* TASK ITEM
The copy you give must match the lines from the top of the data through the line containing "This isn’t just" exactly, and it must hold no pictures.

* RECORD EXTRACTS

* * * * *

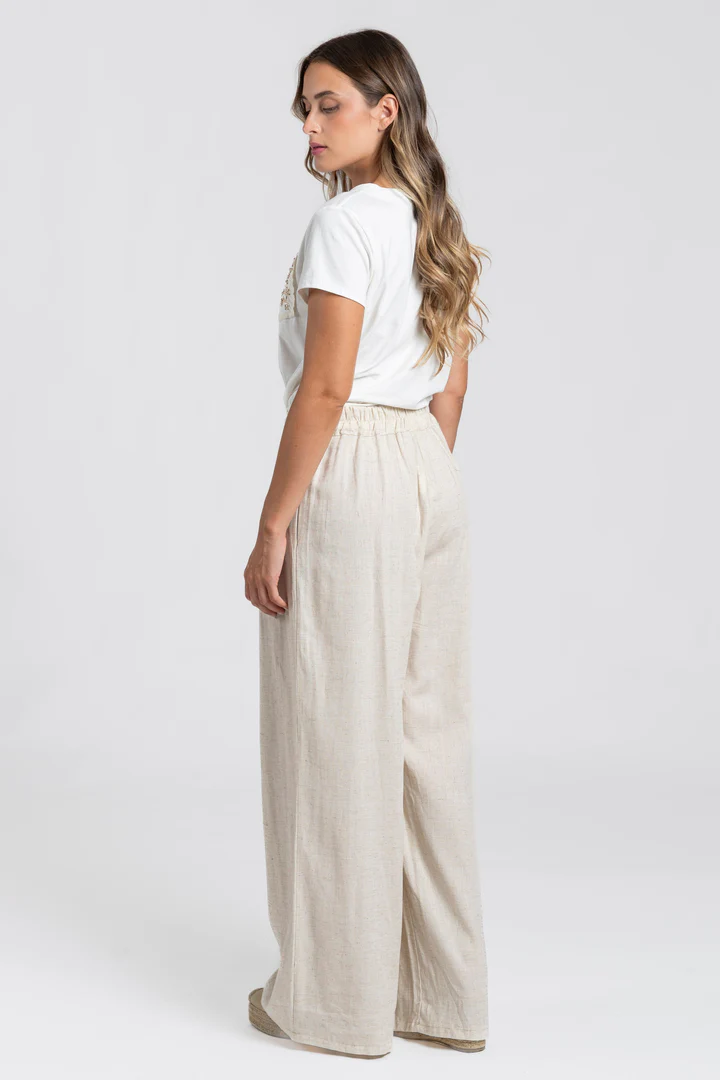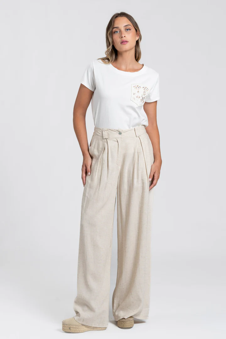 El tejido principal es una combinación de fibras que incluye lino, una fibra natural conocida por su frescura, transpirabilidad y textura ligeramente arrugada, lo que le da un aspecto sofisticado y relajado.
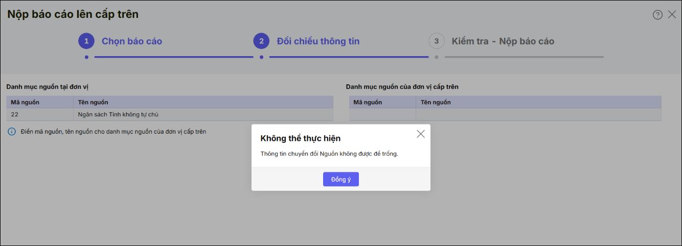 Bài viết này hướng dẫn anh/chị cách xử lý trong trường hợp nộp báo cáo cho cấp trên qua Lekima ở bước đối chiếu thông tin nhấn tiếp tục thì báo Không thể thực hiện thông tin chuyển đổi nguồn không được để trống.
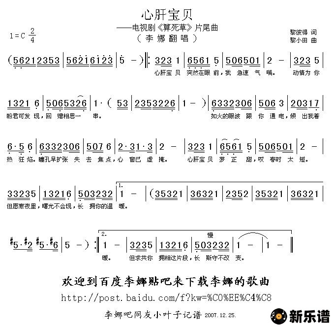 李娜演唱的心肝宝贝(电视剧《算死草》片尾曲)歌词,心肝宝贝(电视剧《算死草》片尾曲)简谱.
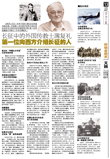 长征中的外国传教士薄复礼 第一位向西方介绍长征的人
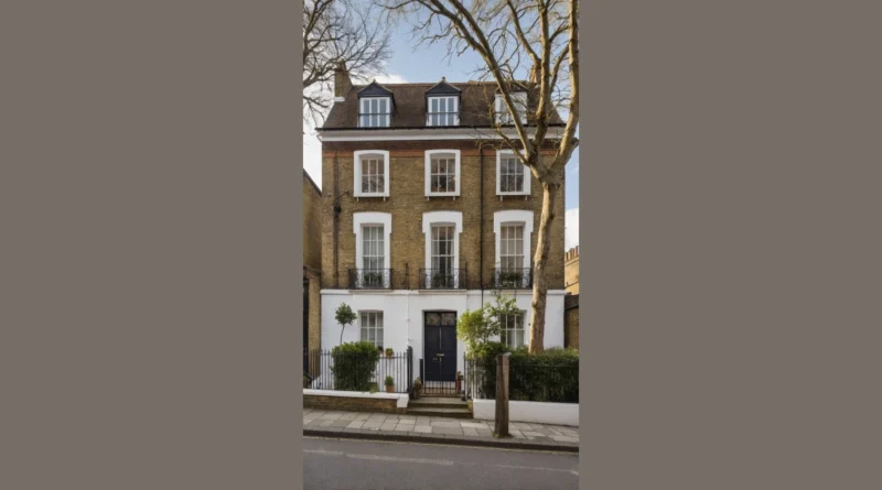 This isn’t just any London house; it’s practically a celebrity in brick and plaster, standing tall with its dazzling white coat like it’s ready for a magazine photoshoot. You can almost hear it whispering tales of tea parties, perhaps a very polite argument or two over who gets the last scone. With those cute dormer windows peeking from the roof, it looks like the house is wearing little hats, probably to keep its historic brain warm from the chilly English weather. And check out those tiny iron balconies – perfect for pretending you’re royalty waving to your subjects, or more realistically, for a couple of very well-behaved potted plants to sunbathe.
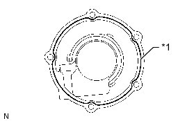 If the removed bearing retainer is reused, be sure to perform the following before reinstalling it: 1) using a knife, cut off any old seal packing on the retainer contact surface, 2) clean off any remaining old seal packing from the retainer contact surface, and 3) reapply seal packing to the retainer.

* * * * *

* SOLUTION TO THIS EXERCISE
 El tejido principal es una combinación de fibras que incluye lino, una fibra natural conocida por su frescura, transpirabilidad y textura ligeramente arrugada, lo que le da un aspecto sofisticado y relajado.
 Bài viết này hướng dẫn anh/chị cách xử lý trong trường hợp nộp báo cáo cho cấp trên qua Lekima ở bước đối chiếu thông tin nhấn tiếp tục thì báo Không thể thực hiện thông tin chuyển đổi nguồn không được để trống.
 李娜演唱的心肝宝贝(电视剧《算死草》片尾曲)歌词,心肝宝贝(电视剧《算死草》片尾曲)简谱.
 长征中的外国传教士薄复礼 第一位向西方介绍长征的人
 This isn’t just any London house; it’s practically a celebrity in brick and plaster, standing tall with its dazzling white coat like it’s ready for a magazine photoshoot. You can almost hear it whispering tales of tea parties, perhaps a very polite argument or two over who gets the last scone. With those cute dormer windows peeking from the roof, it looks like the house is wearing little hats, probably to keep its historic brain warm from the chilly English weather. And check out those tiny iron balconies – perfect for pretending you’re royalty waving to your subjects, or more realistically, for a couple of very well-behaved potted plants to sunbathe.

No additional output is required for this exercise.